**DATA SHOWN:**
============

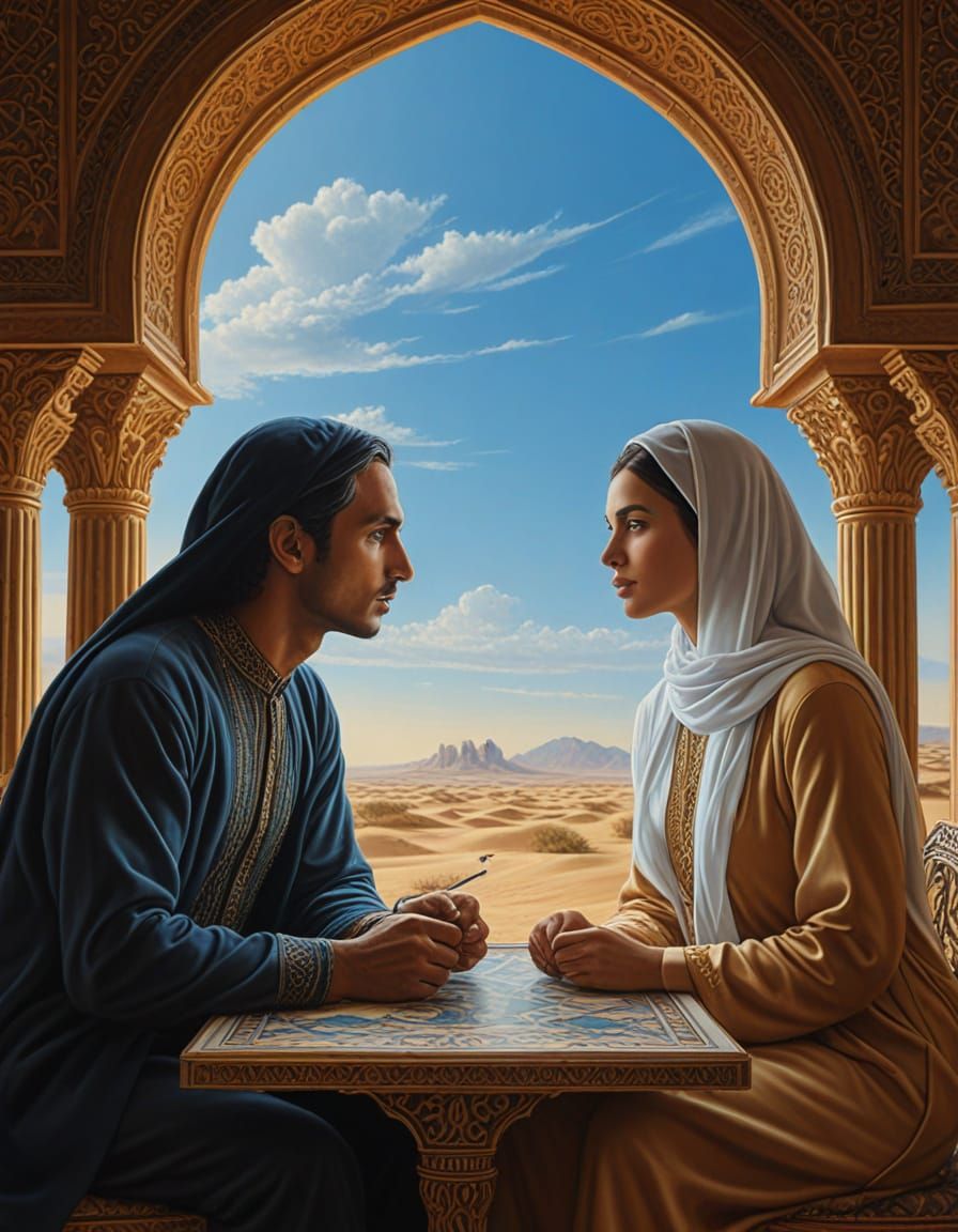 Easily generate unique images of couples in the United Arab Emirates with our free AI generator.
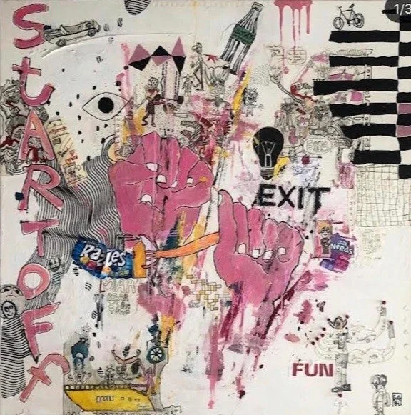 Acrylic, oil sticks and collage.
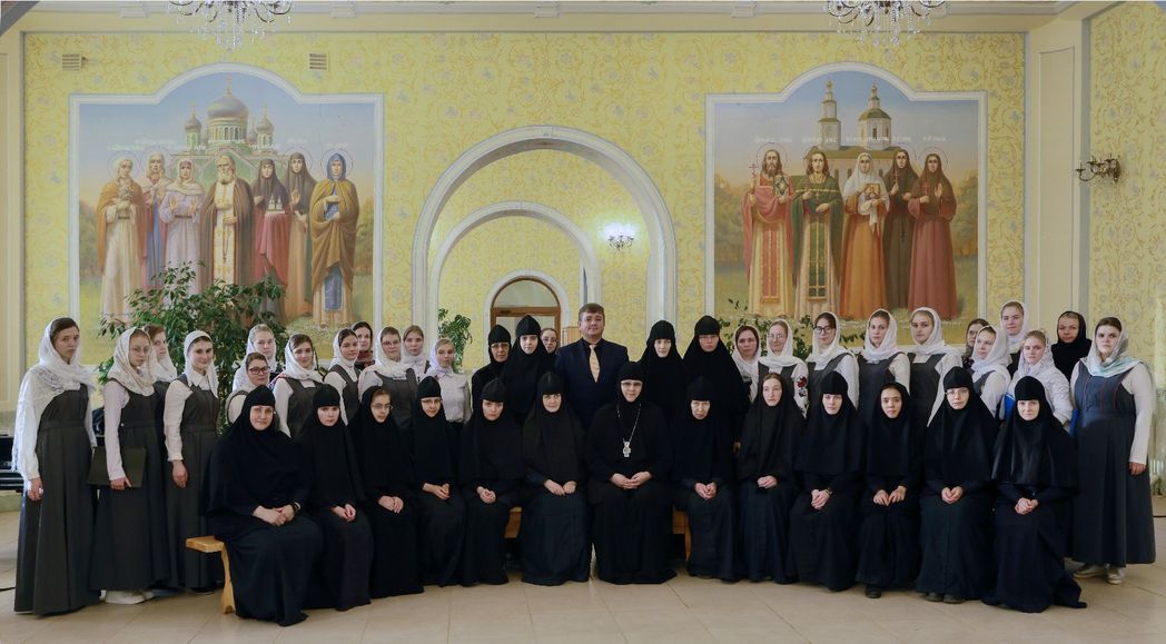 «В монастыре девочки проживают, здесь же они учатся. Учатся они бесплатно, на полном обеспечении монастыря. Питание обеспечиваем, форму шьем, и учебную, и концертную тоже, – рассказывает мать Паисия. – Практика хорового дирижирования проходит в храме. Есть череда, воспитанницы ходят на службы по очереди, а в воскресные, праздничные дни поют вместе с сестрами на два хора».

============

**EXERCISE:** Write out exactly the lines between the start of the data and the line with "Acrylic, oil sticks and collage.", including both, but none of the pictures.

**RESULT OF THIS EXERCISE:**
 Easily generate unique images of couples in the United Arab Emirates with our free AI generator.
 Acrylic, oil sticks and collage.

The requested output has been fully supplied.